Early-stage founders cannot just go away from the TAM-the concept of having a total recognition market to disrupt and conquer them at the beginning. But the Index Ventures partner Jahani Sardana There is a reminder for all the founders who are concerned about the search for TAM for their products or services: there have been many startup markets that were not currently present at the time.
“What was the market for search before Google?” Sardana asked the audience earlier this month in all the 2025 stage event of the Tech Crunch in Boston. “What was the operating system market before Microsoft, or what was the cloud market before Amazon?”
Sardana compared the TAM with surfing. In every few years, it is important to ride on the founders of large -scale waves here – the Internet came first, then the mobile wave, then the cloud, and now, he said, the greatest wave of all: artificial intelligence.
“Have you created the right product to ride this wave?” It continued. “This is what we call the product market fit.”
Which Tom Bucket are you in?
Sardana kept Tim in three buckets: known market, emerging market, and hidden market.
First, the well -known market, already exists, and this happens when a founder tries to change the current current and he has to prove to an investor why his startup idea is better.
Taxkarnch event
San Francisco
|
October 27-29, 2025
“Everyone cleanses their teeth,” he said. “You have to tell me why you are making a better toothbrush.”
The emerging market occurs when a specific market sector is using a product, and there are possibilities for its mainstream.
“Think about it before the non -alcohol beer cools down,” Sardana said.
Then there is a hidden market, which Sardana “is the largest trap” and “a little bit of a dark art.”
The market does not exist, and the founder must make one and investors have to provide evidence of how modern they can be.
“Think about smartphones in 2006; no one knew that they wanted them and changed the world,” he said, “He later added that” people do not know what they are looking for and sometimes you have to show them what is possible. ”
At each stage, the audience, many of whom are the founders of the early stage, with questions, to a great extent about what investors want to see.

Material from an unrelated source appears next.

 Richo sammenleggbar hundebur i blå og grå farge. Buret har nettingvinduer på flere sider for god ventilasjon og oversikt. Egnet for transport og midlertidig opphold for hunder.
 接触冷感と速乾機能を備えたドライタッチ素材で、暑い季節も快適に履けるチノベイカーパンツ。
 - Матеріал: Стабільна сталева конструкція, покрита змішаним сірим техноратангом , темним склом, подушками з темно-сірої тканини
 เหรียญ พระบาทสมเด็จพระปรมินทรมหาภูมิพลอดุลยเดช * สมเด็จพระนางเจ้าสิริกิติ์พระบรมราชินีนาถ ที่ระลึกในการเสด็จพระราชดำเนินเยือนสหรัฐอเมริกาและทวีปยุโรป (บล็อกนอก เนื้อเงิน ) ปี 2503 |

For example, do investors want to see Tom slide in the pitch deck?
“It’s okay to make this slide and talk about mathematics behind his Tom,” said Sardana, although he added that when investors are sometimes angry when the founders relies heavily on the industry matrix rather than having their own separate insights. Sardana also warned the founders not to rely too much on industry reports. If a founder relies heavily on an external service so that he orders how he thinks of the market, it can indicate that he has never thought deeply about the market he is trying to build.
“How do you size in markets, especially in big markets?” A member of the audience asked.

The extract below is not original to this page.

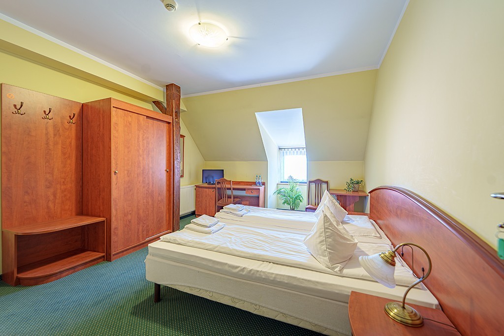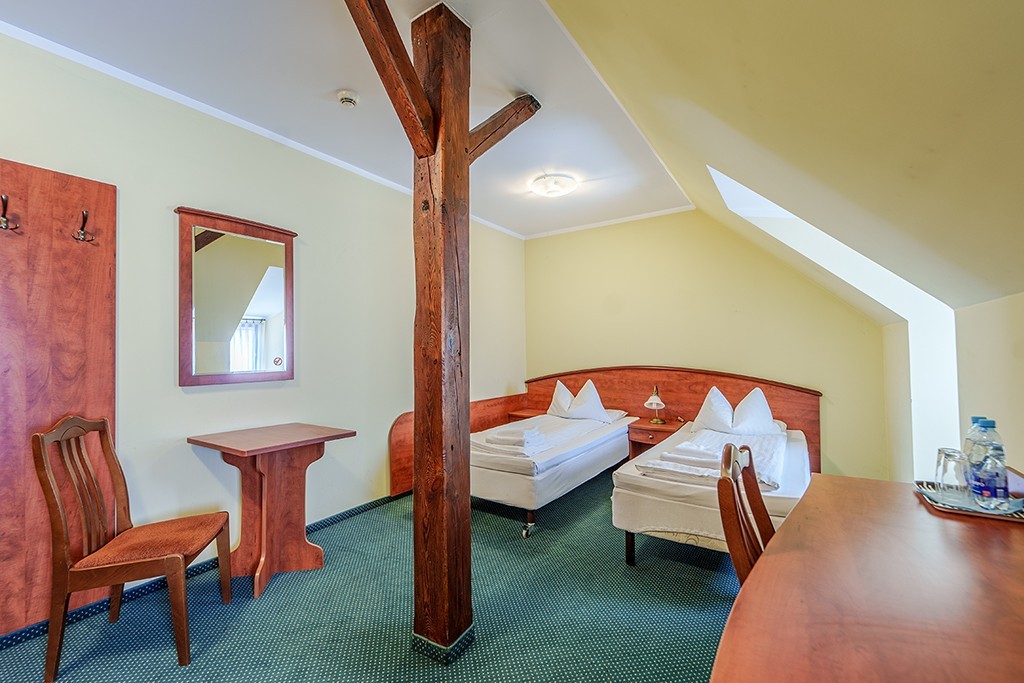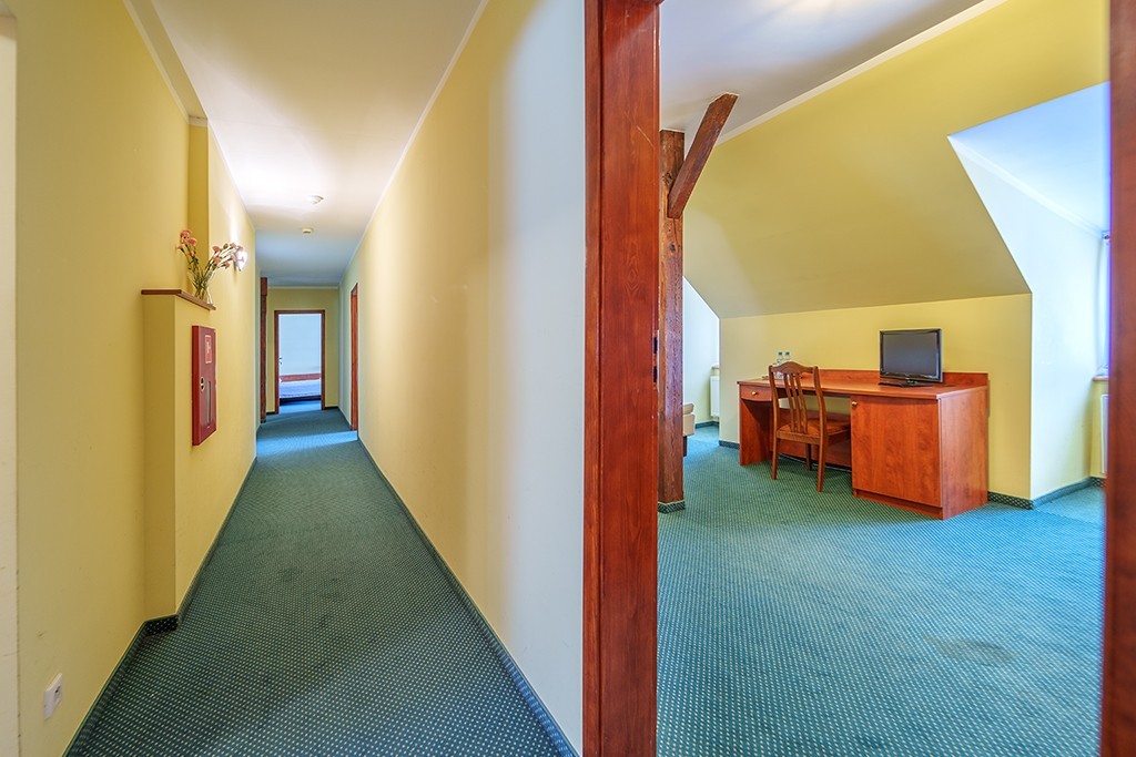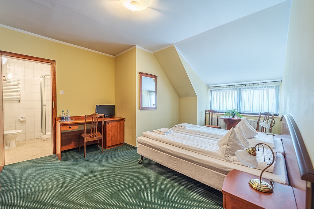 - 11 pokoi jedno lub dwu osobowych z łazienkami. Podłoga, zarówno w korytarzu jak i w pokojach, jest wyłożona wykładziną. Natomiast łazienki posiadają kabiny prysznicowe i są wyłożone płytkami ceramicznymi. Rozłożenie pokoi daje gościom hotelowym intymność i spokój.

“Well, this question hurts,” Sardana said. However, the index once spent on Air BNB, after believing that its Tom is very small.

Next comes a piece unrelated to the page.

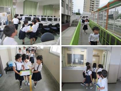 今回は2年生に学校中を案内してもらいました。保健室・事務管理室・管理作業員室・職員室・校長室・図書室などの部屋をたんけんしました。

“The fact is that Airbon B created a whole new inventory, which is now larger than the hotel’s largest brands, and this has led to a major change in travel methods.” “You want to focus again, unlock the supply, and once you unlock the supply, how will the behavior change?”
The audience also asked Sardana that the company is standing in front of an investor like itself?
A tough, Sardana said, but is really important. He added that finally, if a founder can understand who is the user and why they are ready to buy their products, then no company should have any problem in standing in front of the investors.
“We are in business to test more than markets or products or anything else,” he said. “When you talk about your market, it’s really the lens on your wish.”